Traditionally, the owner of a planned building went to a firm of architects and engineers to design it and then to a general contractor to build it, with the general contractor in turn hiring plumbers, electricians and the like.
But for some years now, a new kind of middleman has been getting into the picture: a construction manager or project manager who stands in for the owner in dealing with both the designers and the builders.
As a standard agreement worked out by the Engineers' Joint Contract Documents Committee puts it, "The project manager will take over for the owner many administrative and coordinating functions."
He would, in effect, take charge of the project from beginning to end, in order to provide special expertise and relieve the owner of duties and responsibilities that the owner is neither qualified to undertake nor for which he will have a need on a continuing basis.
The construction manager is expected to review the designs to make sure that they come within the cost and time limits set by the building owner; oversee budgeting, scheduling, procurement; make sure that the materials and workmanship live up to specifications; handle labor relations, and in general make sure that the building gets done properly. It makes sense, but it does not fit neatly into the time-honored definitions of who does what in the construction industry.
For instance, must the firm that takes on that job have a license from the state to operate as a contractor or architect/engineer? In California, the answer (from the state Attorney General) is "no." But in Arkansas, the issue became so heated that the legislature, in 1977, passed a law to make it clear that, "yes," the construction manager does need a license.
What about on-the-job safety? Is the construction manager--who does not employ the construction laborers--responsible for violations of Occupational Safety & Health Administration standards? The clear answer is "sometimes." Decisions by the Occupational Safety & Health Review Commission say that the deciding factor is not what is happening at the job site, but the language of the contract between the manager and the owner of the project. When the overseer is called a "construction manager" and agrees to coordinate the construction work, the firm is then "engaged in construction work" and subject to OSHA prosecution, the commission has ruled. But when the contract calls merely for the manager to "observe" the construction work--and doesn't specifically call the job being done "construction management," then, the commission says, the firm cannot be held responsible for workplace hazards.
"The wise practitioner should probably assume that he may be held liable for construction accidents and failures," Lunch advises in an upcoming issue of the journal Law and Contemporary Problems, published by the Duke University School of Law.
But the real rub is that, while architects or engineers may make that assumption, their insurance carrier will not. No company offers a professional liability insurance policy specifically for the construction-management business. And it is a matter of conjecture whether regular liability policies for architects and engineers would cover a malpractice suit against a construction manager.

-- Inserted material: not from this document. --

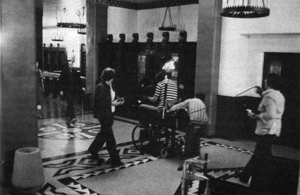 The Shining 鬼店》當中有許多主角們走在空無一人的旅館內的畫面,攝影師也是坐在特製輪椅上面扶著攝影機跟拍,才能維持移動的靈活度,又能達到跟拍的效果。

Traditionally, the policy offered by Continental Casualty Co.--which covers more architect/engineer firms than any other carrier--provided protection only when "legal liability arises out of the performance of professional services for others in the insured's capacity as an architect or engineer." Now a new version adds the services of a "construction manager," but it specifically excludes liability for any claims arising from the "scheduling of construction or the means, methods or techniques used in construction." And that's a lot of what construction managers do.
The usefulness of the construction-management approach is too great--and the money to be made in the field by design professionals too tempting--for the legal uncertainties to curb the growth of the concept. But there are legal hazards for those who get ahead of courts and legislatures. Law is based on tradition, with special risks for those who try to change tradition.